Xiren entrou diretamente pela porta, passou pela divisória de painéis e ouviu roncos como trovões. Apressou-se a entrar e sentiu um cheiro de vinho e flatulência. Olhando ao redor, viu a Avó Liu estendida na cama, de pernas e braços abertos, deitada de costas. Xiren assustou-se muito, correu para cima dela e acordou-a à força. A Avó Liu, sobressaltada, abriu os olhos, viu Xiren e levantou-se rapidamente, dizendo: "Senhorita, cometi um erro! Não sujei a cama nem as cortinas." Enquanto falava, usava as mãos para sacudir a roupa.
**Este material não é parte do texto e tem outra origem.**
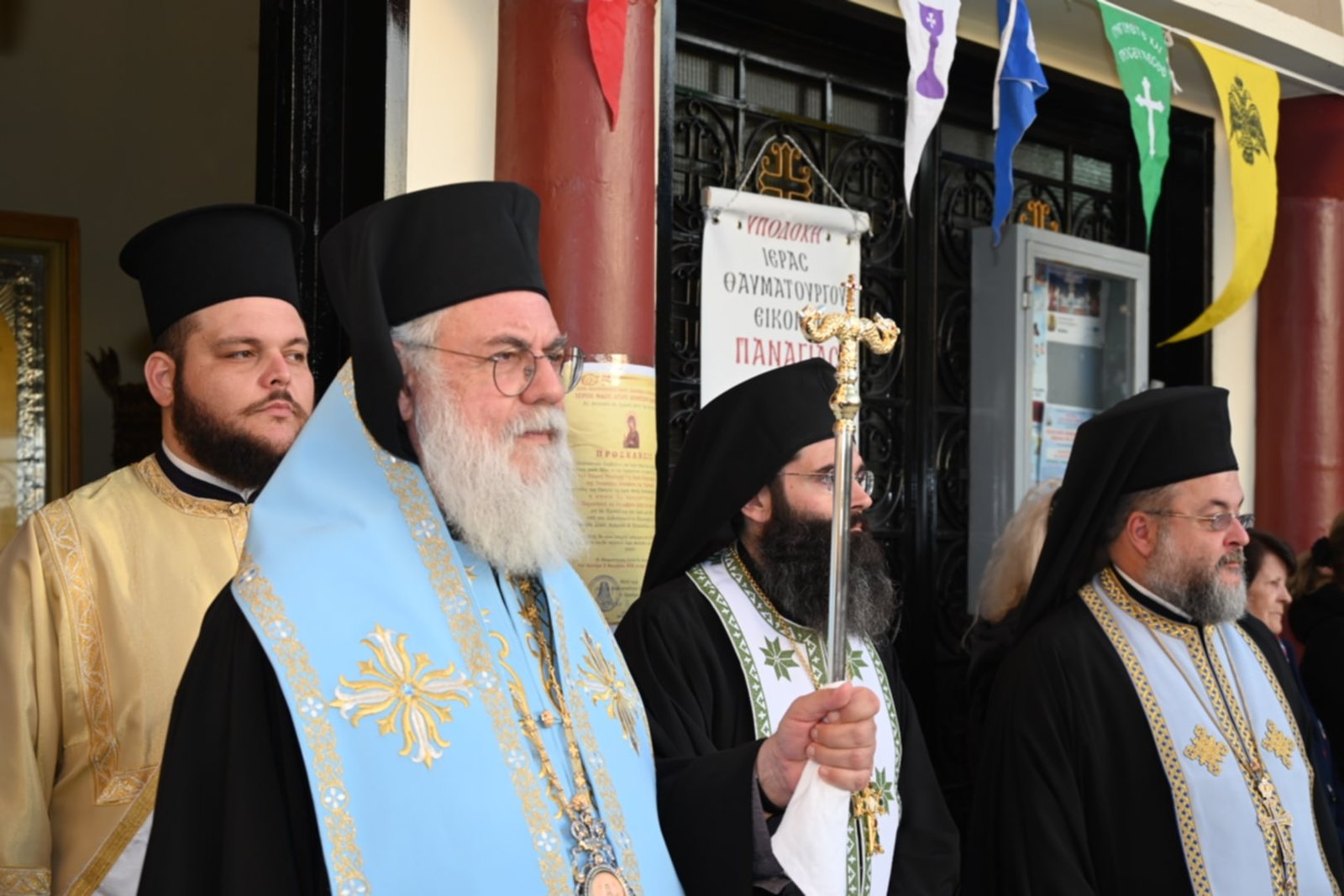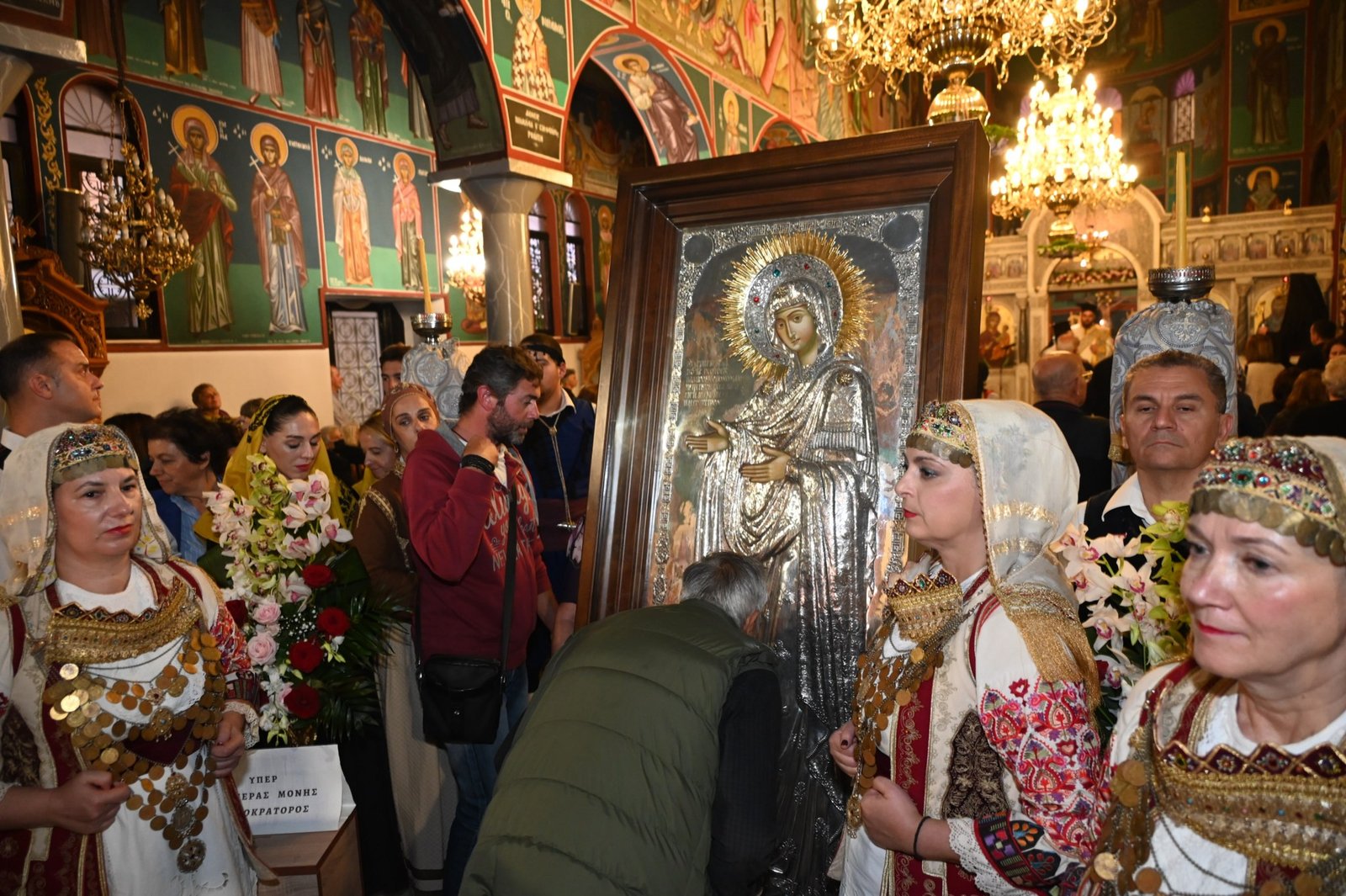 Με μεγαλοπρέπεια και τιμή πραγματοποιήθηκε το βράδυ της Παρασκευής η τελετή άφιξης της Ιεράς Θαυματουργού Εικόνας της Υπεραγίας Θεοτόκου της «Γερόντισσας», Προστάτιδος και εφόρου της Ιεράς Μονής Παντοκράτορος του Αγίου Όρους, υπό του Σεβασμιωτάτου Μητροπολίτη Ιλίου, Αχαρνών και Πετρουπόλεως, στα προπύλαια του Ιερού Ναού Αγίου Διονυσίου Αχαρνών.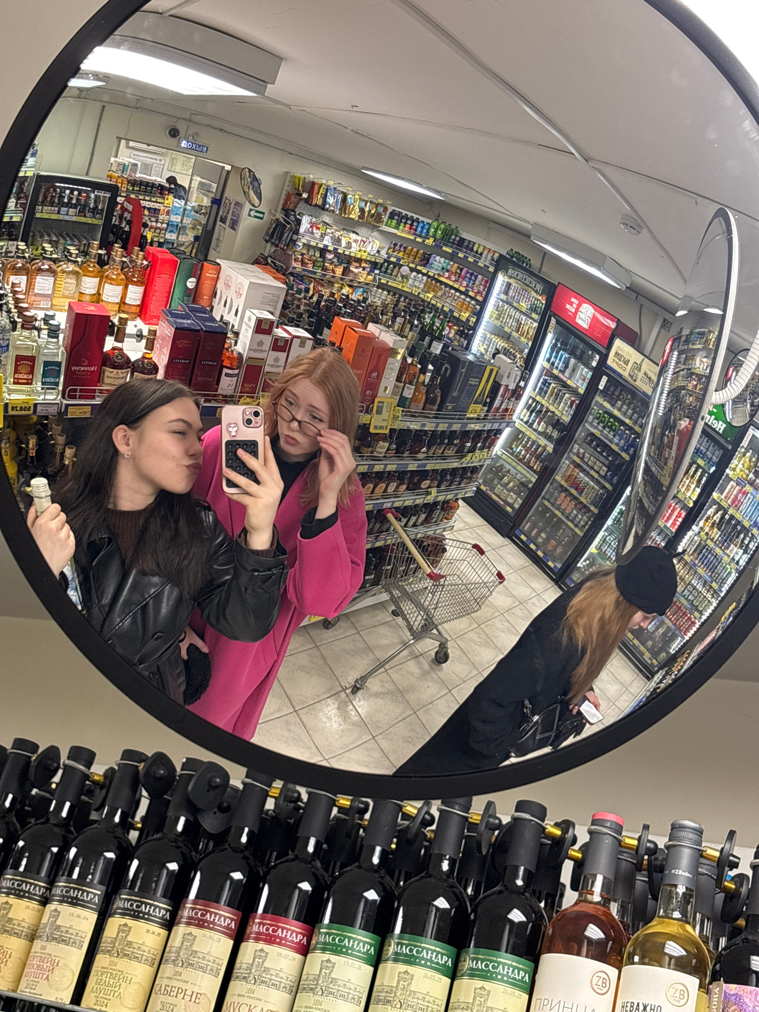 A wide-angle, circular reflection in a convex security mirror captures a scene inside a supermarket or liquor store in Perm, Russia. Two young women are the main subjects, seemingly taking a selfie. T…read more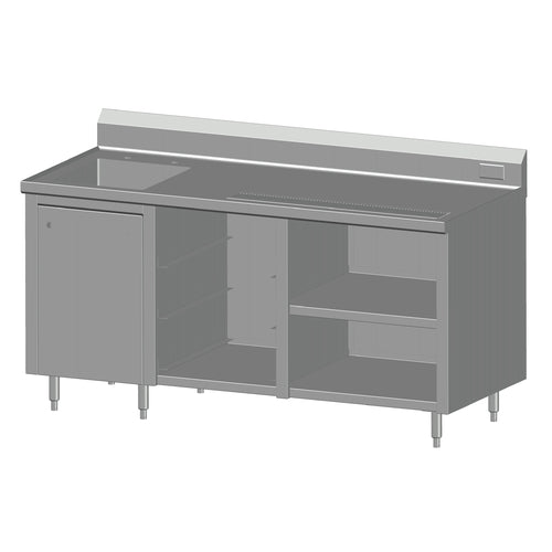 Universal Stainless Beverage Counter, with rack slides; 72" long, 30" wide, 16/300 series stainless steel top; 18/300 series stainless steel body and undershelves; 16"x18"x12" sink bowl integral with top; bowl on left, NSF, CSA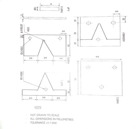 (a) flat mild steel plate, 62 mm x 42mm x 3mm (2 OFF) for parts A and B;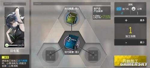 新干员羽毛笔以“加工特定概要时心情消耗会降低”的特点著称,其干员技能仅次于赫拉格,非常实用。目前最适合羽毛笔的工作是批量合成高级技能书,数量越多越好。但是考虑到资本家的节流属性,我们需要优化工作流程:优先考虑使用赫拉格或炎客去合成技巧概要,等到他们的心情值消耗完了再使用羽毛笔。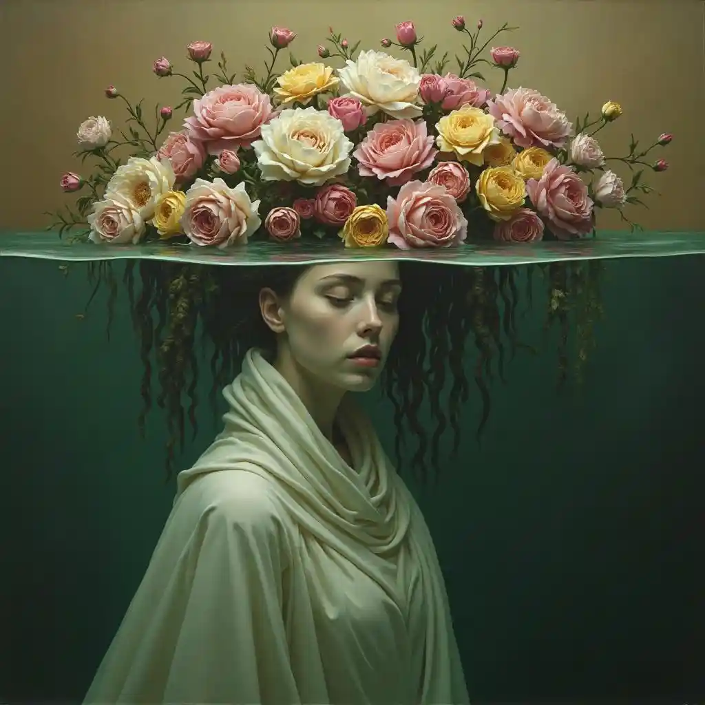 A mystical and surreal Artheon-style painting showcases a transcendent moment of a woman submerged in water. The ethereal figure, adorned in a flowing white shroud, has her head slightly above the water, with her eyes closed and an enigmatic expression. Her translucent skin contrasts with the vibrant, floating bouquet of pink, yellow, and white flowers, which are entwined with dark green tendrils of seaweed-like material descending into the depths. The muted, earthy brown background and the deep green water create an atmospheric backdrop that intensifies the haunting beauty of the scene.

Xiren, com medo de alarmar os outros e que Baoyu soubesse, apenas acenou com a mão para ela, proibindo-a de falar. Rapidamente, colocou três ou quatro punhados de incenso de lírio no queimador e cobriu-o novamente com a tampa. Arrumou um pouco o quarto e, felizmente, ela não tinha vomitado. Apressou-se a dizer baixinho, rindo: "Não tem importância, eu cuido disso. Vem comigo." A Avó Liu seguiu Xiren até o quarto das criadas, onde Xiren a fez sentar e disse-lhe: "Diz que adormeceste bêbada numa rocha, a tirar uma soneca." A Avó Liu respondeu que entendia. Xiren deu-lhe duas tigelas de chá para beber, e só então a Avó Liu se sentiu sóbria, perguntando: "De que senhorita é este quarto de bordar, tão primoroso? Parece que estou no palácio celestial." Xiren sorriu ligeiramente e disse: "Isto? É o quarto do Segundo Senhor Bao." A Avó Liu ficou tão assustada que não ousou fazer barulho. Xiren levou-a pela frente, encontrou os outros e disse apenas que ela tinha adormecido na relva, tendo-a trazido. Ninguém deu importância, e ficou por isso.
Pouco depois, a avó Jia acordou e o jantar foi servido na Aldeia do Arroz Aromático. A avó Jia, sentindo-se indolente, não comeu, mas sentou-se na cadeirinha de bambu aberta e voltou ao seu quarto para descansar, ordenando que Xifeng e as outras fossem comer. As primas só então voltaram ao jardim. Para saber o que aconteceu, esperem pelo próximo capítulo.